Дежнев не жалел слов для описания дерзостей Стадухина и происков Юрия Селиверстова. Деловые описания, отчетные данные за много лет прерывались пламенными строками о том, кому на самом деле принадлежала честь открытия Большого Каменного Носа и Анадырской корги. Муза обличений, если таковая существует, водила пером Дежнева. Он волновался так, что делал описки – Бугра называл Иваном! Излагая события какого-нибудь года, Дежнев неожиданно возвращался к прошлым, уже описанным, годам или забегал далеко вперед.
Труженик советской науки В. А. Самойлов, написавший книгу «Семен Дежнев и его время», выполнил полезное дело.
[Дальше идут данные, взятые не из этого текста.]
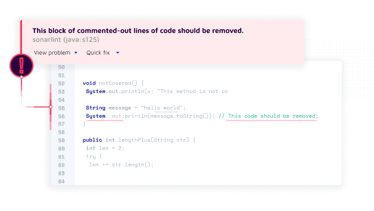 The IDE is your intelligent coding assistant. Go further with SonarQube for IDE static code analysis for fast, automated feedback on bugs, maintainability issues, and security vulnerabilities. Our powerful language-specific analyzers contain hundreds of rules, helping you find and fix code issues, fast.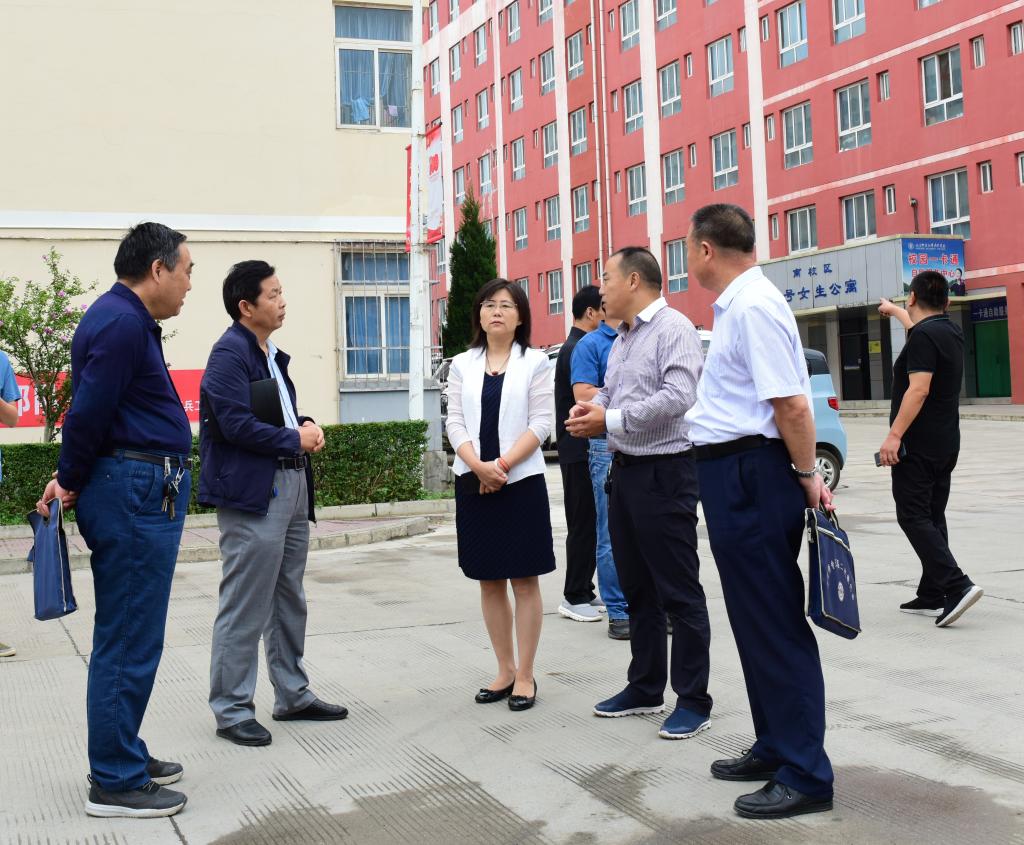 李艳红、王胜青、王录全、张勇带领相关处室负责人对教务处、学生处、后勤处、保卫处、文印室、物资库房、学生宿舍、排水系统进行检查。

Он составил указатель к «отпискам» и челобитным анадырского героя, распределив события, о которых упоминает Дежнев, в строго последовательном порядке.
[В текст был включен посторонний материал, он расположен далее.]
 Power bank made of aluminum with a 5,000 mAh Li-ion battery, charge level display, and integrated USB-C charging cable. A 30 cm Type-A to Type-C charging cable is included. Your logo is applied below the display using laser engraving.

Пока Дежнев трудился над своими «отписками», Юрий Селиверстов вынул козырь, о котором до времени помалкивал. Это была выданная на имя Стадухина еще три года назад «наказная память» якутского воеводы. «Память» предписывала выслать с Анадыря в Якутск людей, бывших опорой Дежнева, – Федота Ветошку, Анисима Костромина, Артемия Солдатку и Василия Бугра. Наверное, это была работа Стадухина, подсунувшего воеводе Францбекову ложный донос на анадырских казаков. Юрий наступал, требуя выполнения приказа, но Дежнев наотрез отказался выдать товарищей. Он сказал Селиверстову, что тот вор, стакнулся с вором-воеводой и «наказная память» у них воровская.
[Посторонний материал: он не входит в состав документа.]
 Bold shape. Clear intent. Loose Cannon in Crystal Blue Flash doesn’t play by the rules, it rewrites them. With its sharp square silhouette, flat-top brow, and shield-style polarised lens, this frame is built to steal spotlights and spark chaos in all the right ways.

В это время очень кстати некий Данила Филиппов заявил важное «государево дело» на Селиверстова. Дежнев с понятным удовлетворением принял изветную челобитную разоблачителя и присоединил ее к бумагам, приготовленным для отсылки в Якутск. Он также перечитывал вдохновенное сочинение Федота Ветошки, в котором описывались муки Семена Моторы во время его сидения в стадухинской колоде.
Юрий Селиверстов и беглый Евсей Павлов мутили людей и отговаривали их идти в дальний путь через «Камень» с «отписками» и чертежами для Якутска. Выручил доблестный аманат Чекчой, когда-то заложник, а ныне преданный друг. Он сказал, что пойдет проводником до самой Колымы. 4 апреля 1655 года «отписки» Дежнева были отосланы с двумя казаками и Чекчоем. За труд и прилежание Чекчою было обещано русское «дельное железо», в котором он очень нуждался.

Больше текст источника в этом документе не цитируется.